Personal information
- Full name: Preston Riki
- Born: 24 March 1998 (age 28) Rawene, Northland Region, New Zealand
- Height: 195 cm (6 ft 5 in)
- Weight: 106 kg (16 st 10 lb)

Playing information
- Position: Second-row, Prop
Club
| Years | Team | Pld | T | G | FG | P |
| 2024–25 | Penrith Panthers | 3 | 0 | 0 | 0 | 0 |
| 2026– | Brisbane Broncos | 10 | 0 | 0 | 0 | 0 |
|  | Total | 13 | 0 | 0 | 0 | 0 |
Representative
| Years | Team | Pld | T | G | FG | P |
| 2023–26 | Māori All Stars | 2 | 1 | 0 | 0 | 4 |
- Source: As of 25 July 2026

= Preston Riki =

New Zealand rugby league footballer

Preston Riki is a New Zealand rugby league footballer who plays as a prop for the Brisbane Broncos in the National Rugby League.
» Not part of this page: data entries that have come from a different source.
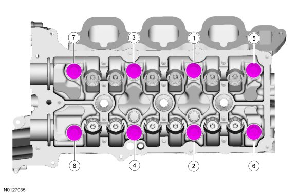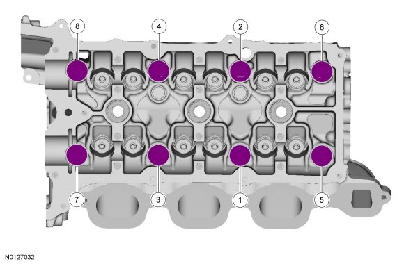Install a new gasket, the RH cylinder head and 8 new bolts. Tighten in the sequence shown in 5 stages: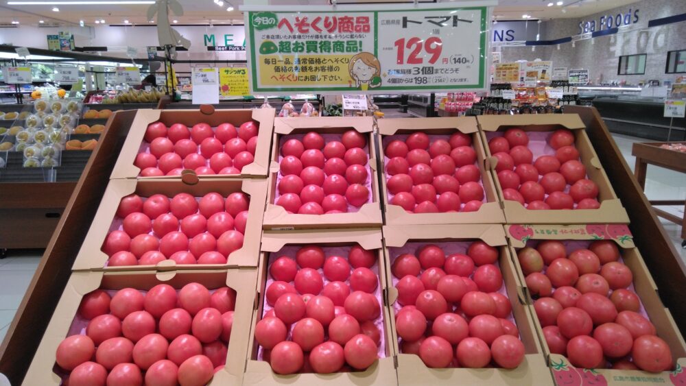 東川津店本日のへそくり商品はトマトです。サラダや煮込み料理にどうぞ!
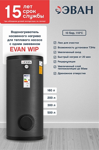 Бойлер косвенного нагрева ЭВАН WIP-HT-200 для теплового насоса с одним змеевиком

He previously played for the Penrith Panthers in the National Rugby League (NRL).

==Playing career==
===2023===
In the 2023 All Stars match, Riki played for the Māori All Stars and scored a try in a 24-28 losing effort.

===2024===
Riki made his first grade debut in round 13 of the 2024 NRL season against the St. George Illawarra Dragons off the interchange bench.

===2025===
In round 26 of the 2025 NRL season, Riki was called into the Penrith side for their match against Canterbury.
On 9 September, it was announced that Riki would be departing Penrith at the end of the 2025 NRL season after not being offered a new contract by the club.

===2026===
Riki joined the Brisbane Broncos on a train and trial for pre season, In round 8 of the 2026 NRL season, Riki made his club debut for the Brisbane Broncos in a 32-12 win over the Canterbury. On 22 May, the Brisbane outfit announced Riki had re-signed with the club for a further two years.